▶ Work order
Nothing but the lines below, from the first through the line containing "Vintage Point is", should be set down, each one exactly and without pictures.

▶ Collected data

((

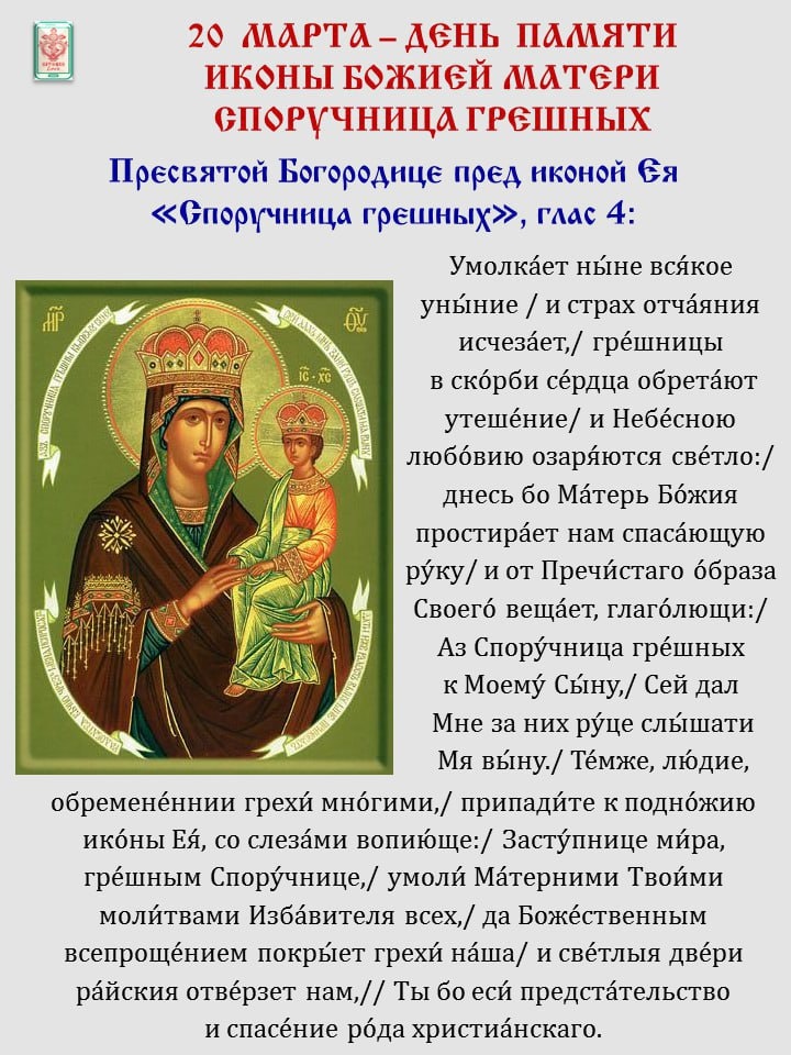 ". Впервые этот образ прославился чудесами в Николаевском Одрине мужском монастыре Орловской губернии в середине 19-го века. Древняя икона из-за ветхости своей не пользовалась должным почитанием и стояла в старой часовне у монастырских ворот. В 1843 г. многим жителям в сновидениях было открыто, что икона эта наделена, по Божьему Промыслу, чудотворной силой. Икону торжественно перенесли в церковь. Первым получил исцеление расслабленный мальчик, мать которого горячо молилась перед этой святыней. В 1848 году усердием москвича Димитрия Бонческула был сделан список с этого чудотворного образа и помещен в его доме. Вскоре он прославился истечением целительного мира, давшего многим выздоровление от тяжких болезней. Этот чудотворный список перенесли в храм святителя Николая в Хамовниках, в котором был устроен тогда же придел в честь иконы Божией Матери "Споручница грешных".
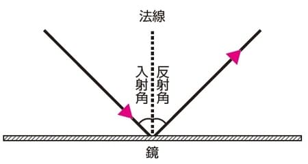 また、鏡に対して垂直な線と、鏡から出ていく光の線とのあいだの角度のことを反射角と言います。
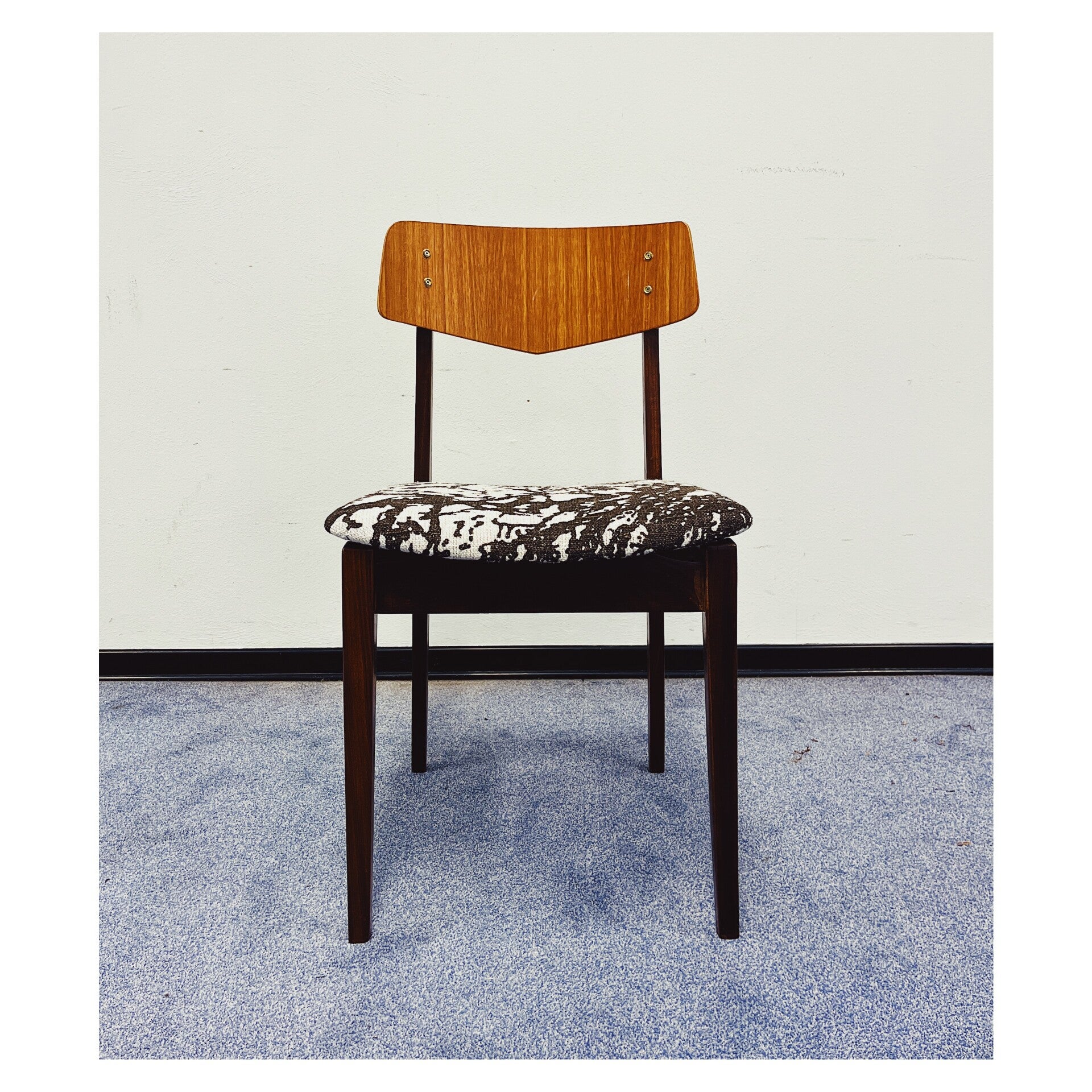 Vintage Point is met veel enthousiasme een samenwerking aangegaan met twee zeer getalenteerde meubelstoffeerders. Jacqueline en Brigitte hebben deze prachtige dinerstoel met vakwerk, aandacht en liefde geheel opnieuw gestoffeerd. De stoel is in top conditie en de bijzondere zwart witte print van het zitvlak maakt het geheel een aanwinst voor je interieur!
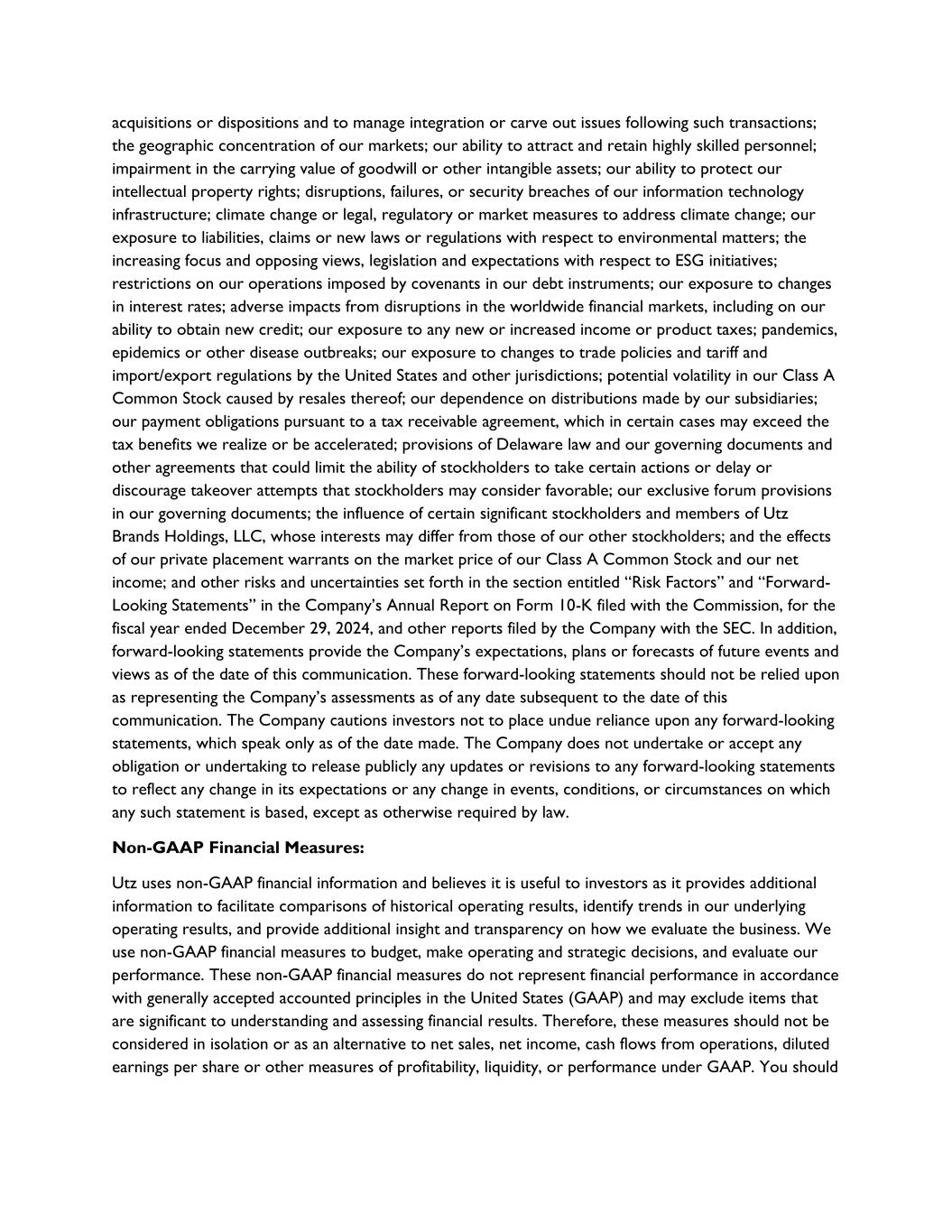 acquisitions or dispositions and to manage integration or carve out issues following such transactions; the geographic concentration of our markets; our ability to attract and retain highly skilled personnel; impairment in the carrying value of goodwill or other intangible assets; our ability to protect our intellectual property rights; disruptions, failures, or security breaches of our information technology infrastructure; climate change or legal, regulatory or market measures to address climate change; our exposure to liabilities, claims or new laws or regulations with respect to environmental matters; the increasing focus and opposing views, legislation and expectations with respect to ESG initiatives; restrictions on our operations imposed by covenants in our debt instruments; our exposure to changes in interest rates; adverse impacts from disruptions in the worldwide financial markets, including on our ability to obtain new credit; our exposure to any new or increased income or product taxes; pandemics, epidemics or other disease outbreaks; our exposure to changes to trade policies and tariff and import/export regulations by the United States and other jurisdictions; potential volatility in our Class A Common Stock caused by resales thereof; our dependence on distributions made by our subsidiaries; our payment obligations pursuant to a tax receivable agreement, which in certain cases may exceed the tax benefits we realize or be accelerated; provisions of Delaware law and our governing documents and other agreements that could limit the ability of stockholders to take certain actions or delay or discourage takeover attempts that stockholders may consider favorable; our exclusive forum provisions in our governing documents; the influence of certain significant stockholders and members of Utz Brands Holdings, LLC, whose interests may differ from those of our other stockholders; and the effects of our private placement warrants on the market price of our Class A Common Stock and our net income; and other risks and uncertainties set forth in the section entitled “Risk Factors” and “Forward- Looking Statements” in the Company’s Annual Report on Form 10-K filed with the Commission, for the fiscal year ended December 29, 2024, and other reports filed by the Company with the SEC. In addition, forward-looking statements provide the Company’s expectations, plans or forecasts of future events and views as of the date of this communication. These forward-looking statements should not be relied upon as representing the Company’s assessments as of any date subsequent to the date of this communication. The Company cautions investors not to place undue reliance upon any forward-looking statements, which speak only as of the date made. The Company does not undertake or accept any obligation or undertaking to release publicly any updates or revisions to any forward-looking statements to reflect any change in its expectations or any change in events, conditions, or circumstances on which any such statement is based, except as otherwise required by law. Non-GAAP Financial Measures: Utz uses non-GAAP financial information and believes it is useful to investors as it provides additional information to facilitate comparisons of historical operating results, identify trends in our underlying operating results, and provide additional insight and transparency on how we evaluate the business. We use non-GAAP financial measures to budget, make operating and strategic decisions, and evaluate our performance. These non-GAAP financial measures do not represent financial performance in accordance with generally accepted accounted principles in the United States (GAAP) and may exclude items that are significant to understanding and assessing financial results. Therefore, these measures should not be considered in isolation or as an alternative to net sales, net income, cash flows from operations, diluted earnings per share or other measures of profitability, liquidity, or performance under GAAP. You should

))

▶ Solution to this task
 ". Впервые этот образ прославился чудесами в Николаевском Одрине мужском монастыре Орловской губернии в середине 19-го века. Древняя икона из-за ветхости своей не пользовалась должным почитанием и стояла в старой часовне у монастырских ворот. В 1843 г. многим жителям в сновидениях было открыто, что икона эта наделена, по Божьему Промыслу, чудотворной силой. Икону торжественно перенесли в церковь. Первым получил исцеление расслабленный мальчик, мать которого горячо молилась перед этой святыней. В 1848 году усердием москвича Димитрия Бонческула был сделан список с этого чудотворного образа и помещен в его доме. Вскоре он прославился истечением целительного мира, давшего многим выздоровление от тяжких болезней. Этот чудотворный список перенесли в храм святителя Николая в Хамовниках, в котором был устроен тогда же придел в честь иконы Божией Матери "Споручница грешных".
 また、鏡に対して垂直な線と、鏡から出ていく光の線とのあいだの角度のことを反射角と言います。
 Vintage Point is met veel enthousiasme een samenwerking aangegaan met twee zeer getalenteerde meubelstoffeerders. Jacqueline en Brigitte hebben deze prachtige dinerstoel met vakwerk, aandacht en liefde geheel opnieuw gestoffeerd. De stoel is in top conditie en de bijzondere zwart witte print van het zitvlak maakt het geheel een aanwinst voor je interieur!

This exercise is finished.